5. Oops "This leaves -y" I meant "This leaves 1.-y". But it's less than 1., so the 2 digits have gone.

6. This is off topic.

Nick, if you're ever feeling bored, could you re-run your "Just 60 stations" analysis but include a land mask? There's some talk over at Lucia's about the results of analyses with such few stations.

7. CCE, well the topic is off-topic anyway. I've never actually used a land mask, because I have mainly been interested in the 60 stations idea for global temperatures. So stations which represent a lot of ocean are good.

The triangular mesh methods work a bit like that for regions, because only area within the mesh is used for weighting. I did some crude land-masking in Antarctica where I blocked out the Weddell Sea.

So it's not high priority - it's quite a lot of work, and I don't think land-only temperatures are all that important.

8. If you restrict yourself to only positive or negative clicks, them the number of clicks needed is the number of ones in the binary representation of the absolute value of the number of months that you want to move. So +/- (2^n)-1 requires n clicks.

That gives you a lower bound, and also gives you an efficient way of finding the clicks you need.

9. ...1010101011
= 1 + 2 + 8 + 32 + 128 + ...
= 1 + 2[1 + 4 + 16 + 64 + ...]
= 1 + 2 [4^(n-1) - 1] / [4 - 1] (geometric series)
= (1/3) + (2/3) . 4^(n-1)

(which confirm's EFS's 2/3 value)

10. I think this question may be related to the mathematics behind error correcting codes. The question there is how to include redundancy in the data such that a certain number of bits of error can be corrected. Errors become nudges. We are looking for an optimal sampling of a high dimensional space such that every point is within a certain distance of a sample point.
Power laws are a simple answer - if you want a power law less than one, the Fibonacci sequence has a ratio equal to the golden ratio.
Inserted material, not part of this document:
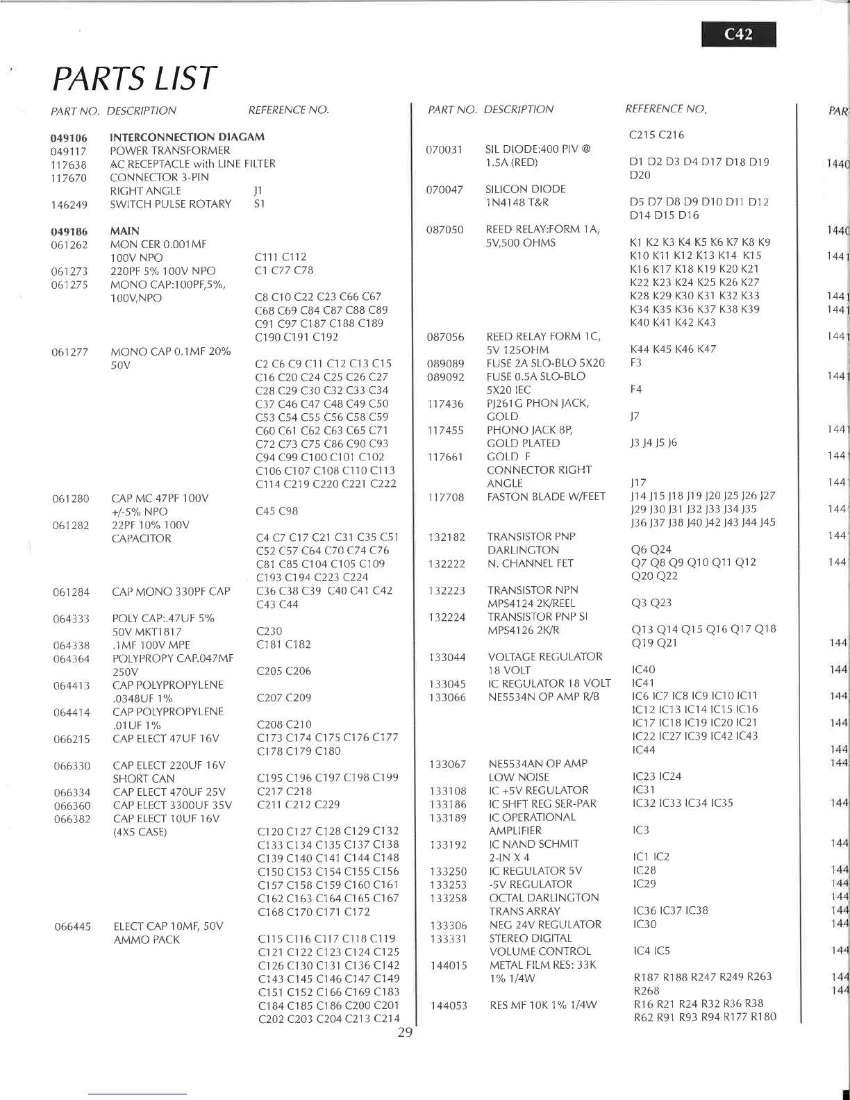 McIntosh C42 - Parts List; Component Identification and Part Numbers

However IIRC they are either non-optimal or optimal but non-general. It's ages since I looked at any of this stuff though.
Kevin C

11. Nick,
since you've explored the BEST data stuff a bit is there any way to extract for example subsets of station data based upon lat/long. I know you've plotted the lat/long data but is there any way to extract the data for a selected range of points easily? I'm interested for the purpose of incorporation into a GIS platform.

12. Robert,
You need to organise the data in some structure where it is collected by station. Then in R it is easy to select. TempLS facilitates this - you just write down the latitude and longitude conditions you want, and it analyses that. TempLS doesn't currently write out the selected data, but it could.
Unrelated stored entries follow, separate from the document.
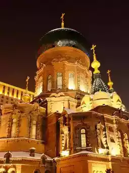 Day 1: Arrive in Harbin and check into accommodation near Harbin Institute of Technology (HIT) because a friend is studying Chinese there. In the evening, stroll around Zhongyang Street, which has many shops selling food and winter gear. It's recommended to buy winter gear here as it's cheaper and warmer than what you can get in Thailand. Saint Sophia Cathedral is very photogenic in the evening. We mainly travel by taxi since there are three of us, and the meter fare is not expensive. P.S. There are many affordable restaurants in the university area.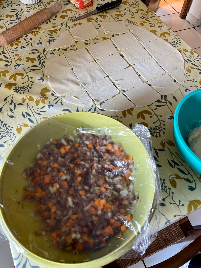반죽을 얇고 넓게 밀고난 그녀는 갑자기 반죽을 바둑무늬로 잘랐다.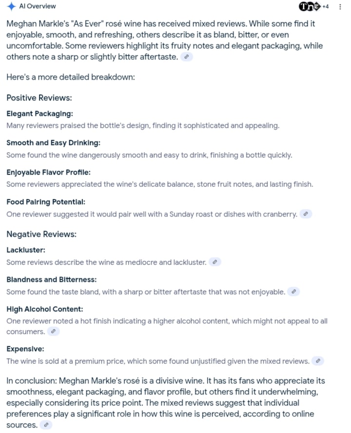 As the Duchess of Sussex Meghan Markle's As Ever startup company restock the Napa Valley Rosé on the female founder's birthday, what are the reviews? Including of course the opinion of AI.

Steve McI organises the data into a time series for each station. That isn't ideal for all purposes, but would work well here.
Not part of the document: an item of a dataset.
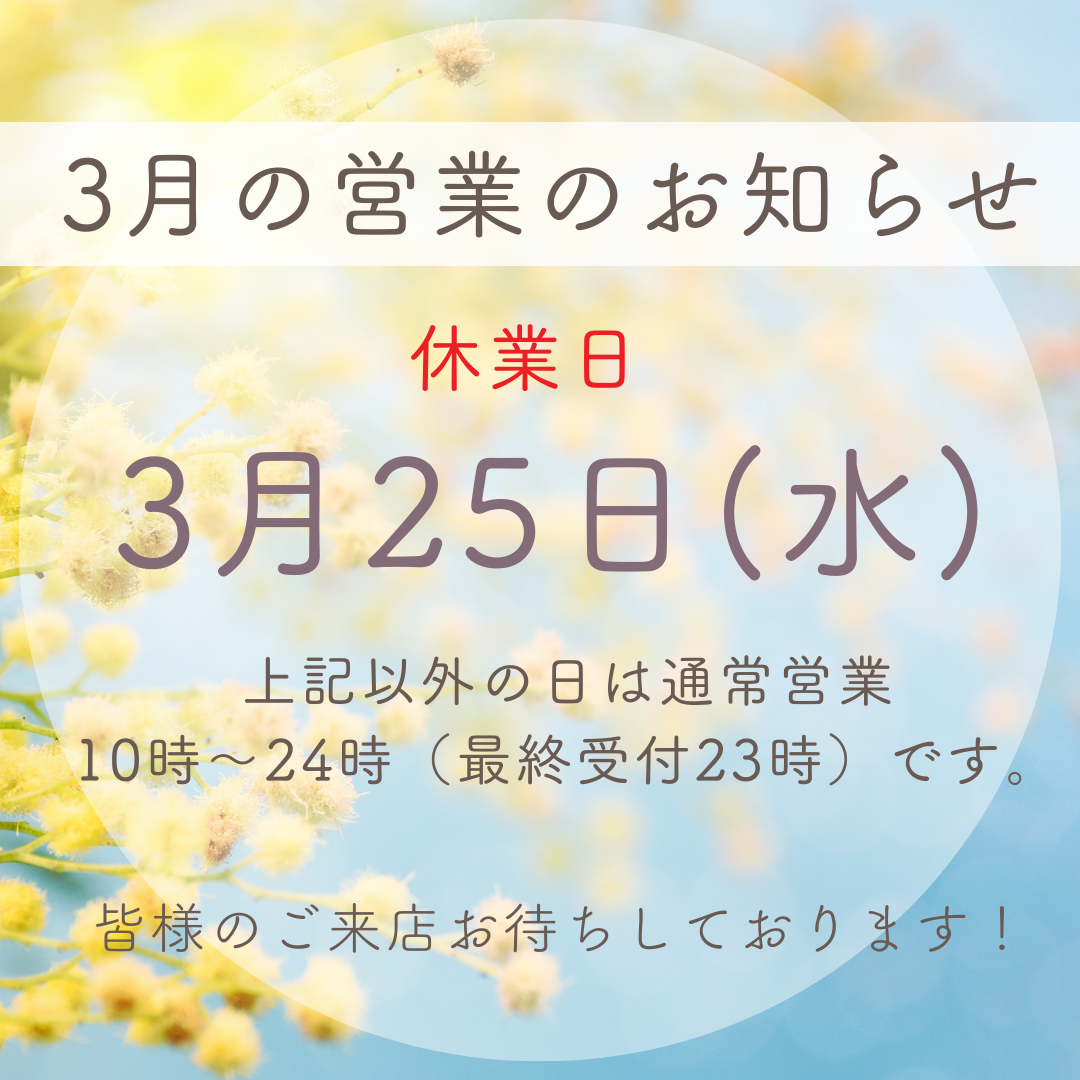 3月25日(水)は休業ひとさせていただきます。

13. Yeah I think that what I would want to do is something like Steve McI does... I can manually do this in excel etc... but the issue is that BEST has access to more stations than I would through GHCN or CHCN. I will have a look at some of his functions over at climate audit. Thanks.

(My intention is to spatially interpolate raw temperatures using kriging in a GIS system within a region because I think it may be an interesting way of looking at the data)

14. If you are bored, could you amuse me please?